On Mon, Oct 29, 2018 at 09:42:06AM +0000, fdmanana@xxxxxxxxxx wrote:
> From: Filipe Manana <fdmanana@xxxxxxxx>
>
> Recently we got a massive simplification for fsync, where for the fast
> path we no longer log new extents while their respective ordered extents
> are still running.
>
> However that simplification introduced a subtle regression for the case
> where we use a ranged fsync (msync). Consider the following example:
>
> CPU 0 CPU 1
>
> mmap write to range [2Mb, 4Mb[
> mmap write to range [512Kb, 1Mb[
> msync range [512K, 1Mb[
> --> triggers fast fsync
> (BTRFS_INODE_NEEDS_FULL_SYNC
> not set)
> --> creates extent map A for this
> range and adds it to list of
> modified extents
> --> starts ordered extent A for
> this range
> --> waits for it to complete
>
> writeback triggered for range
> [2Mb, 4Mb[
> --> create extent map B and
> adds it to the list of
> modified extents
> --> creates ordered extent B
>
> --> start looking for and logging
> modified extents
> --> logs extent maps A and B
> --> finds checksums for extent A
> in the csum tree, but not for
> extent B
> fsync (msync) finishes
>
> --> ordered extent B
> finishes and its
> checksums are added
> to the csum tree
>
> <power cut>
>
> After replaying the log, we have the extent covering the range [2Mb, 4Mb[
> but do not have the data checksum items covering that file range.
>
> This happens because at the very beginning of an fsync (btrfs_sync_file())
> we start and wait for IO in the given range [512Kb, 1Mb[ and therefore
> wait for any ordered extents in that range to complete before we start
> logging the extents.
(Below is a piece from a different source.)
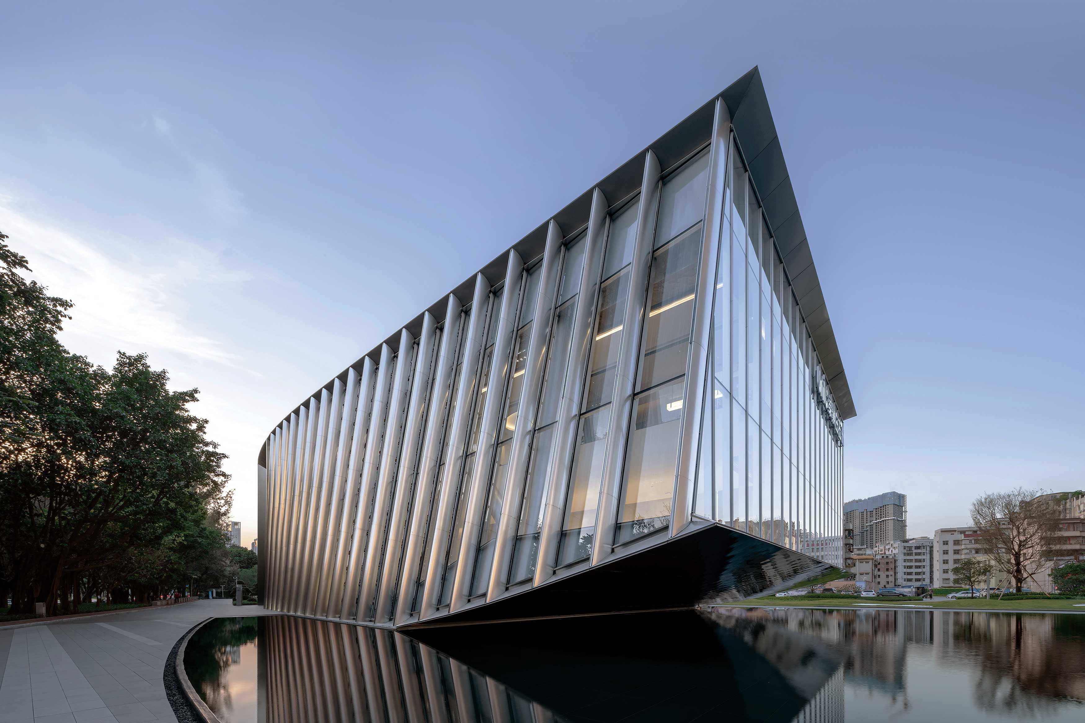 This exhibition hall on Shenzhen’s exhibition belt aims to integrate its architecture into the city with a “mirror wall” that reflects Baishizhou’s spatiotemporal evolution and urban renewal. A large cantilever on the east side evokes flight, while double stainless steel grilles on the south capture city scenes. Its overall architectural form points skyward, as though in dialogue with the infinite nature of time.

However if right before we start logging the extent
> in our range [512Kb, 1Mb[, writeback is started for any other dirty range,
> such as the range [2Mb, 4Mb[ due to memory pressure or a concurrent fsync
> or msync (btrfs_sync_file() starts writeback before acquiring the inode's
> lock), an ordered extent is created for that other range and a new extent
> map is created to represent that range and added to the inode's list of
> modified extents.
>
> That means that we will see that other extent in that list when collecting
> extents for logging (done at btrfs_log_changed_extents()) and log the
> extent before the respective ordered extent finishes - namely before the
> checksum items are added to the checksums tree, which is where
> log_extent_csums() looks for the checksums, therefore making us log an
> extent without logging its checksums. Before that massive simplification
> of fsync, this wasn't a problem because besides looking for checkums in
> the checksums tree, we also looked for them in any ordered extent still
> running.
>
> The consequence of data checksums missing for a file range is that users
> attempting to read the affected file range will get -EIO errors and dmesg
> reports the following:
>
> [10188.358136] BTRFS info (device sdc): no csum found for inode 297 start 57344
> [10188.359278] BTRFS warning (device sdc): csum failed root 5 ino 297 off 57344 csum 0x98f94189 expected csum 0x00000000 mirror 1
>
> So fix this by skipping an extents outside of our logging range at
> btrfs_log_changed_extents() and leaving them on the list of modified
> extents so that any subsequent ranged fsync may collect them if needed.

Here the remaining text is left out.